= Joseph Cribb =

British artist (1892–1967)

(Herbert) Joseph Cribb (1892–1967) was a British sculptor, carver and letter-cutter.

Born in Hammersmith, London, Cribb's career as an artist began when he was fourteen. He was recruited by Eric Gill as his assistant in 1906 and was taught letter cutting and masonry skills by his master. He was suggested to Gill by his father Herbert William Cribb's associate, the Arts and Crafts printer Emery Walker. His father was a graphic artist, specialising in cartography.

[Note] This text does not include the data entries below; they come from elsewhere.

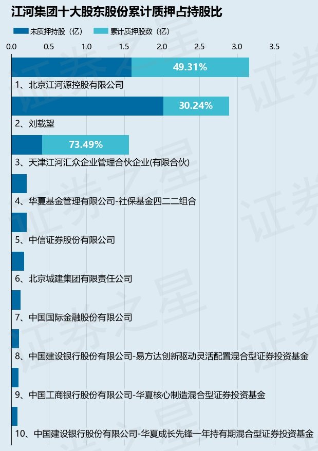 截止本公告日,股东北京江河源控股有限公司已累计质押股份1.56亿股,占其持股总数的49.31%,股东刘载望已累计质押股份8750.0万股,占其持股总数的30.24%,股东天津江河汇众企业管理合伙企业(有限合伙)已累计质押股份1.15亿股,占其持股总数的73.49%。本次质押后江河集团(601886)十大股东的累计质押股份占持股比例见下图:
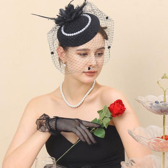 Yousheng Top Hat Hair Accessories Faux Pearls Feather Flower Veil Decor Dance Headdress Fascinator Headpiece Fashion Accessory
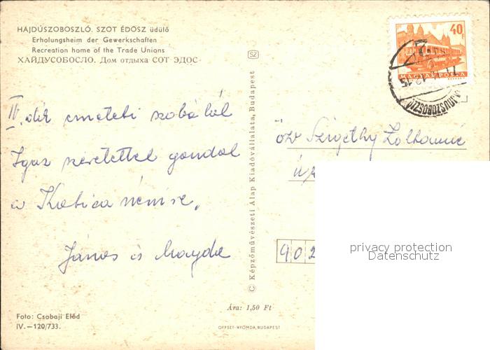 old postcard Hajdúszoboszló Erholungsheim der Gewerkschaften postalisch gelaufen Erhaltung siehe scans
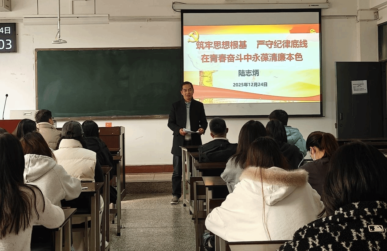 2025年12月24日下午,为推进全面从严治党向基层延伸,加强学生党员党风廉政教育,学院党委陆志炳副书记在逸夫楼C203,为学生一支部全体党员及积极分子讲授《筑牢思想根基 严守纪律底线 在青春奋斗中永葆清廉本色》专题廉政党课。
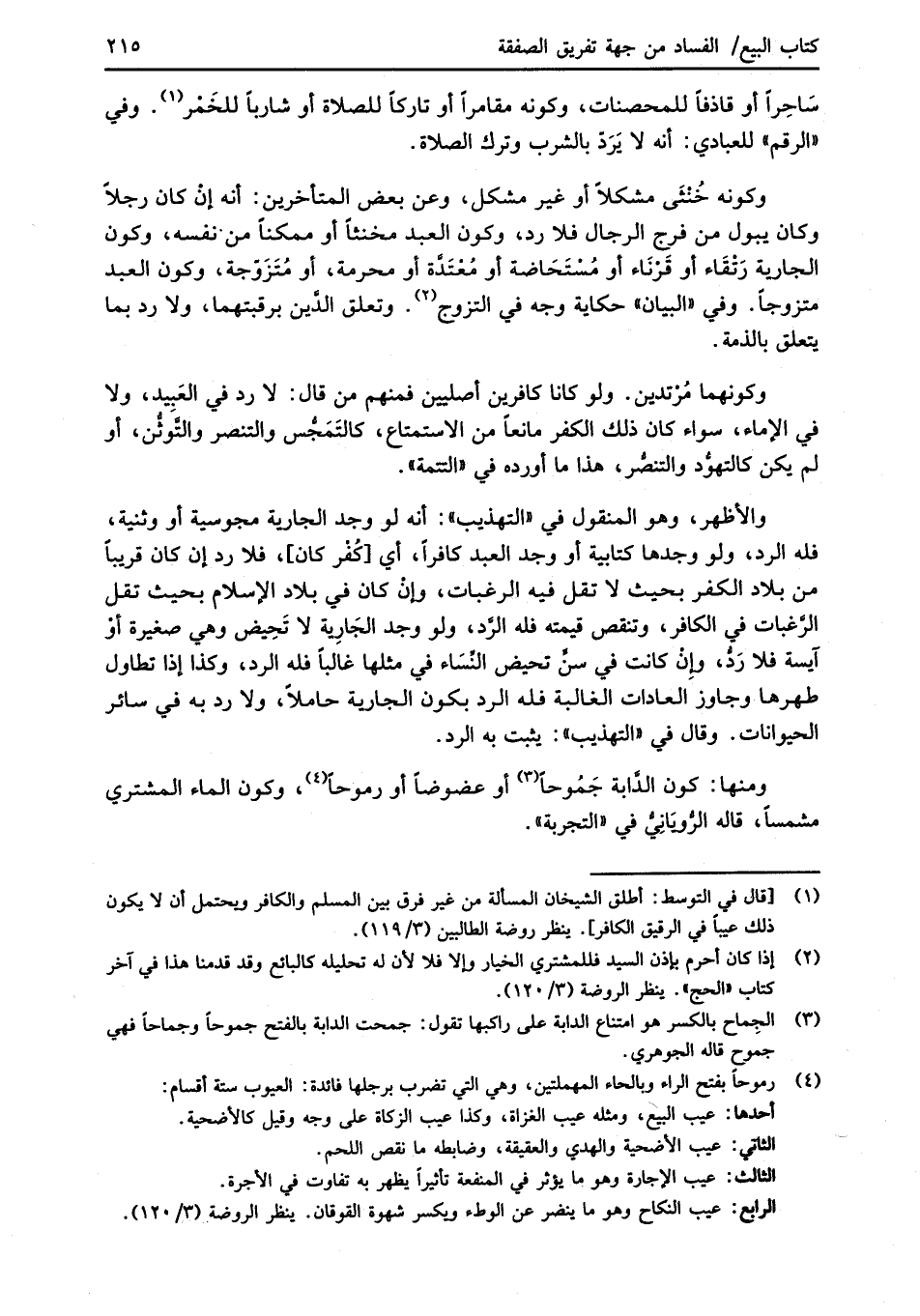 (¬1) [قال في التوسط: أطلق الشيخان المسألة من غير فرق بين المسلم والكافر ويحتمل أن لا يكون ذلك عيباً في الرقيق الكافر]. ينظر روضة الطالبين (3/ 119).

In 1907 he moved with Gill to Ditchling in Sussex. In 1908 Joseph entered a formal apprenticeship with Gill and extended his skills into carving, assisting Gill with many of his early sculptures in Ditchling, then Ditchling Common. Joseph followed Gill into the Roman Catholic church and later also followed him into the Dominican Third Order. He completed his apprenticeship in 1913, but continued working with Gill, particularly on the Westminster Cathedral Stations of the Cross until his army service in France, 1916–19. During the later part of his service he joined the Directorate of Graves Registration and Enquiries (forerunner of the Imperial War Graves Commission, later Commonwealth War Graves) and participated with Eric Gill's brother Macdonald (Max) in the design of the standard war grave tombstone, making over 50 originals for the many regimental badges represented.

After Cribb returned from France he continued working with Eric Gill, leading the work of various assistants and drawing his brother Lawrence into Gill's team, which was busy making war memorials. In 1920 Cribb joined Gill, Hilary Pepler and Desmond Chute in setting up the Guild of St Joseph and St Dominic, an association of Catholic artists and craftworkers on Ditchling Common. From 1920 Cribb also started taking on his own commissions, also initially making war memorials. His first large sculptural commission was a crucifix for the war memorial at Downside Abbey. When Gill left the Guild and moved first to Wales and later to Buckinghamshire, Joseph's brother went with him and took over Joseph's role as Gill's lead assistant. Joseph remained at the Guild and took over Gill's workshop, establishing his own practice as a sculptor, carver and letter cutter. He continued to do occasional work for Gill, helping him with some of his major sculpture, for example on the monumental sculpture Mankind that is now in the Tate, and cutting letters to Gill's designs.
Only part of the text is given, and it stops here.